Re: Nagios check_bioctl available

2006-07-31 Thread andrew fresh
On Fri, Jul 28, 2006 at 09:17:28PM -0500, Marco Peereboom wrote:
 andrew fresh wrote:
 I have written a perl script that parses the output from bioctl and
 returns it in a format that Nagios can use.  
 
 Sweet :-)

Thanks!

 One thing I ran into is that bioctl needs to run as root to get access
 to /dev/bio, even for read only access.  Is there a way to query bioctl
 without needing root?
 
 No!

dang! oh well, sudo is a good enough solution then.  

 Also, in biovar.h, both a raid volume and a disk can be Offline.
 However, I am not sure what that means.  Currently it is a WARNING, but
 I don't know what status it should be set to.
 
 If 2 or more physical disks of a RAID 5 are offline a volume will be 
 marked offline as well.  An offline RAID 5 is obviously a critical 
 event.  Hope this makes sense since I am not exactly sure what you are 
 asking.

I will change Offline to be a CRITICAL error.  

and here is the new version:
http://openbsd.somedomain.net/nagios/check_bioctl-1.4.tar.gz

However, I guess my question is what would cause a disk to be Offline?

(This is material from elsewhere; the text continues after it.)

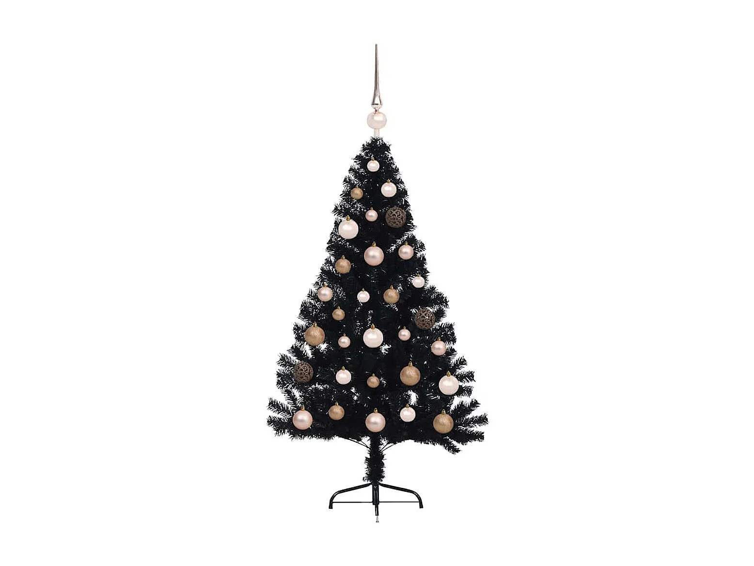 Arbre de Noël artificiel pré-éclairé et boules noir 120 cm PVC

There is a separate status for Failed, and I could see the RAID being
Offline if too many disks had Failed.


Are there any other status that should be different?  They seemed to be
fairly straight forward, but there may be good arguments for them to be
changed.

my %Status_Map = (
Online  = 'OK',
Offline = 'CRITICAL',
Degraded= 'CRITICAL',
Failed  = 'CRITICAL',
Building= 'WARNING',
Rebuild = 'WARNING',
'Hot spare' = 'OK',
Unused  = 'OK',
Scrubbing   = 'WARNING',
Invalid = 'CRITICAL',
);

l8rZ,
-- 
andrew - ICQ# 253198 - JID: [EMAIL PROTECTED]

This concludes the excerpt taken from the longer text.